Cryogéniser le cerveau pour le sauvegarder, est-ce vraiment possible ?

Cryogéniser le cerveau pour le sauvegarder.
Cerveau & Neuroscience

Une nouvelle startup veut donner aux gens la possibilité de préserver numériquement leurs souvenirs pour toujours, mais comme la plupart des choses qui semblent aussi étranges, il y a un souci. Afin de placer vos souvenirs dans leur service de nuages, vous devrez également être envoyé dans les nuages. En d’autres termes, l’entreprise devra d’abord vous tuer.

Nectome est une entreprise de type  » Préservez votre cerveau et téléchargez-le« . L’idée est de geler chimiquement le cerveau d’une personne pour préserver chaque neurone et, espérons-le, sa mémoire, mais il est garanti à 100% de vous tuer.

Est-ce possible ? Comment est censé fonctionner le projet de Nectome ?

Nectome veut mettre les malades en phase terminale sous assistance respiratoire puis les embaumer vivants. Jusqu’à présent, la société affirme qu’au moins 25 personnes se sont déjà inscrites et ont payé 10 000 dollars pour le faire.

L’étape suivante consiste à trouver un moyen de télécharger ces mémoires gelées sur un serveur afin que les gens puissent vivre une nouvelle vie sous forme de simulation informatique. « Au cours du siècle actuel, il sera possible de numériser les informations (du cerveau) et de les utiliser pour recréer votre conscience », a déclaré la société sur son site web.

La société, qui est encore en train de dimensionner l’investissement en limitant les possibilités de vente, se présente comme un service de « stockage du cerveau » qui combine les théories existantes de la cryobiologie, des neurosciences et de la recherche informatisée/théorie de l’information.

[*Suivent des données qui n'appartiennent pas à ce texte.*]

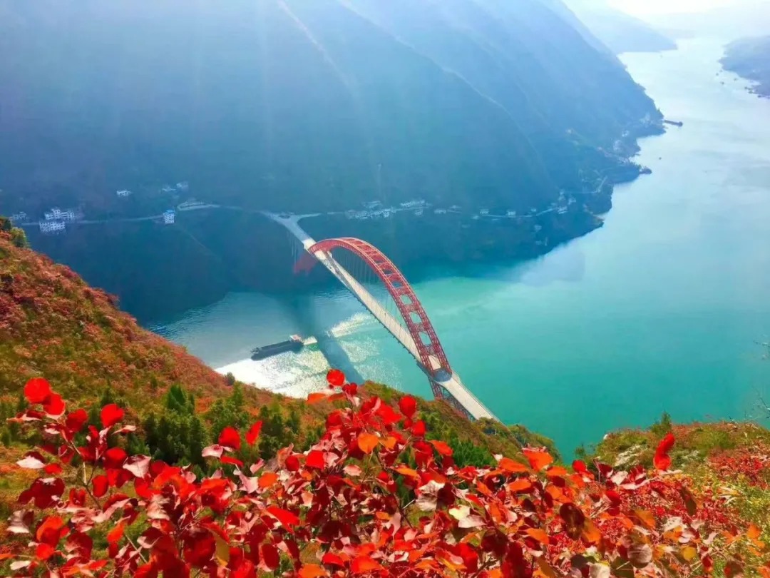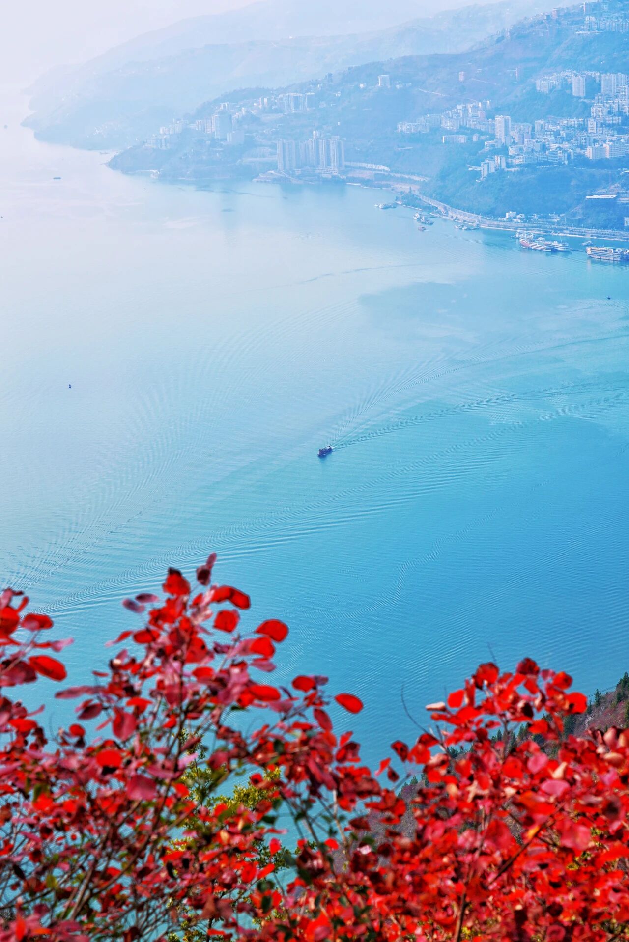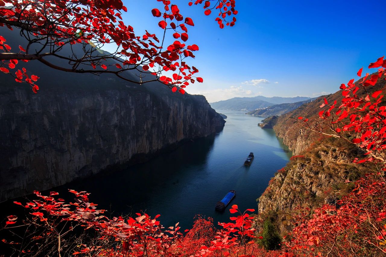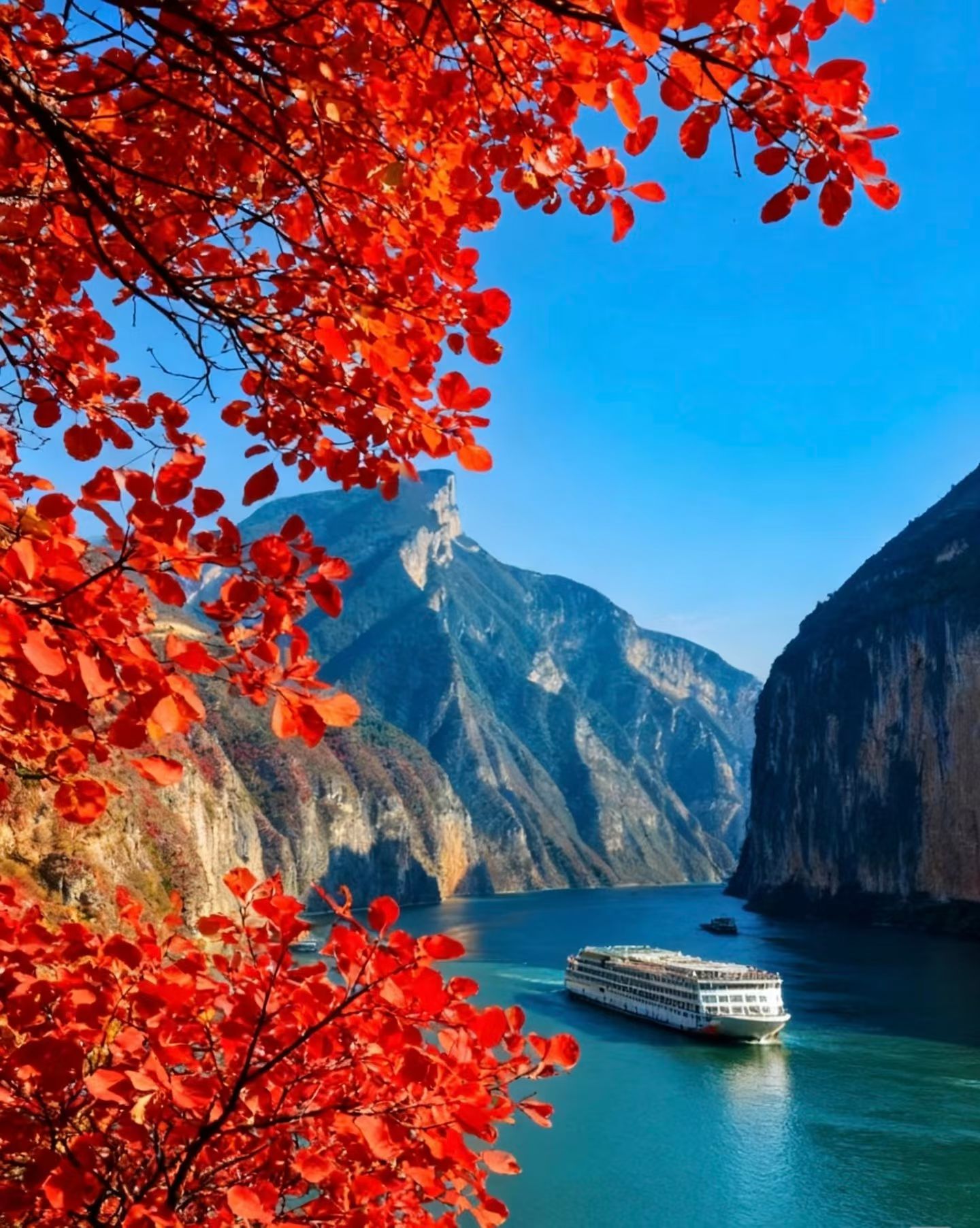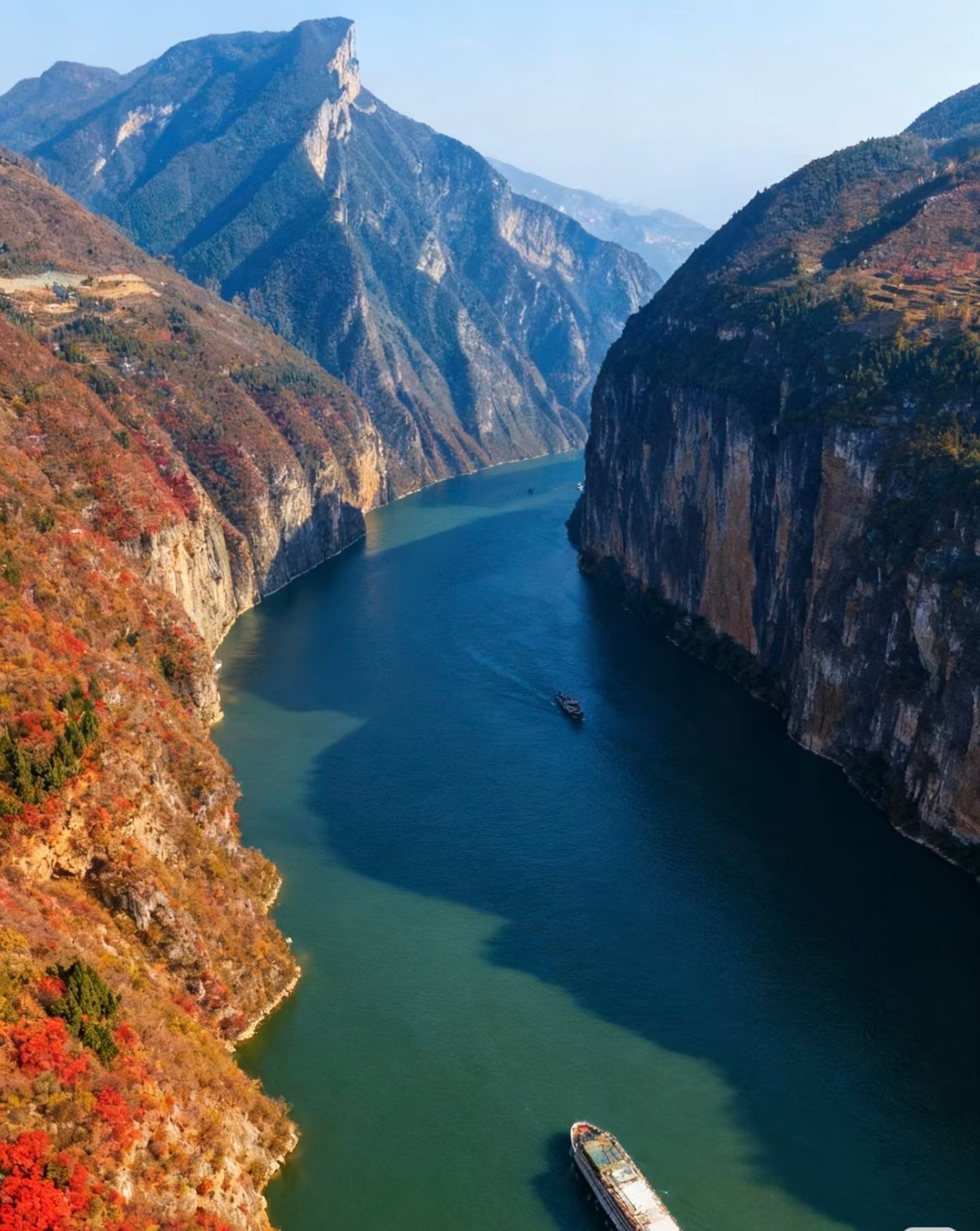 十一月的三峡,是一幅被时光浸染的立体画卷。抬头望,乌桕、黄栌、枫香交织成层叠的红色云霞,从浅绛到朱砂,从橙红到胭脂,每一片叶子都像是被夕阳吻过的火焰,在青灰色的岩壁上跳跃、闪烁。低头看,碧玉般的江水蜿蜒穿过黛色山峦,波光中倒映着红叶的剪影,宛如一条流动的翡翠丝带,将两岸的炽烈与山间的清冷温柔缠绕。行走其间,每一步都踏在千年水墨的韵律上——时而穿过悬空栈道的惊心动魄,时而驻足观景台的静谧凝望,仿佛能听见历史的风声在红叶间低语,看见诗人的笔墨在岩壁上流淌。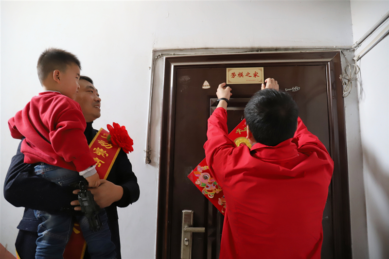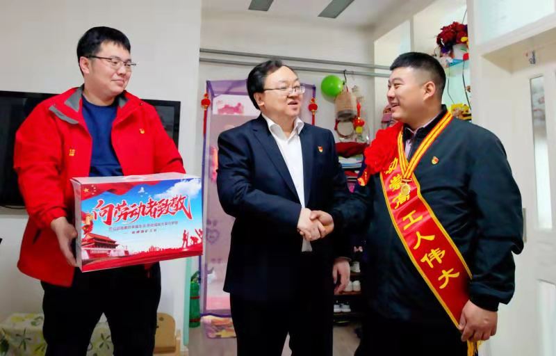 今年“五一”恰逢党史学习教育进行时。赵楼煤矿将“我为群众办实事”实践活动与弘扬劳模工匠精神、关爱尊重劳动者相结合,组织来到党员劳模周勇家中慰问,授花、送礼包,最后还给入户门贴上了“劳模之家”光荣牌。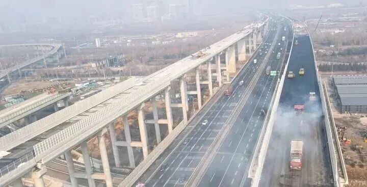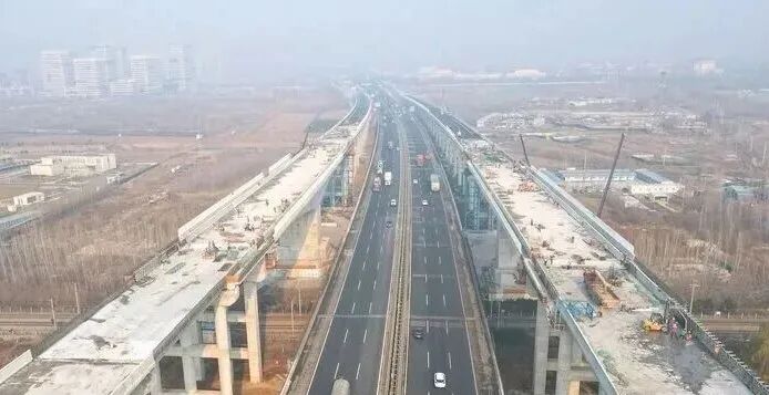 12月16日,在京台高速公路齐河至济南段改扩建工程项目现场,跨京沪三、四号线两座涉铁立交桥成功完成转体后,已与南北两侧在建高架路段实现对接,高架长龙南北横亘,桥面施工如火如荼,沥青路面摊铺及交通标识线施划在有序推进。

Dans la poursuite de ses méthodes, Nectome étend l’application de l’arrêt cryogénique à un niveau d’application plus méticuleux, en essayant de combiner les anciennes méthodes égyptiennes d’embaumement avec une focalisation centralisée sur la préservation du cerveau et du cervelet lui-même au niveau du nanomètre (un milliardième de mètre), y compris le réseau de relations synaptiques, qui (théoriquement selon ces spécialistes) comprend une carte de la mémoire, des habitudes et, plus théoriquement encore, de l' »identité personnelle » à travers ce que les neurologues et les psychologues appellent les connectomes.

Ken Hayworth, neuroscientifique et défenseur du projet Nectome, qui est également président de l’organisation marginale The Brain Preserve Foundation, est fondamentalement un théoricien mais aussi un expert estimé dans son domaine. Hayworth décrit la théorie de la préservation des connectomes grâce à une technologie avancée et la théorie qui sous-tend l’hypothèse de Nectome : « Si le cerveau est mort, c’est comme si votre ordinateur était éteint, mais cela ne veut pas dire que l’information n’est pas là ».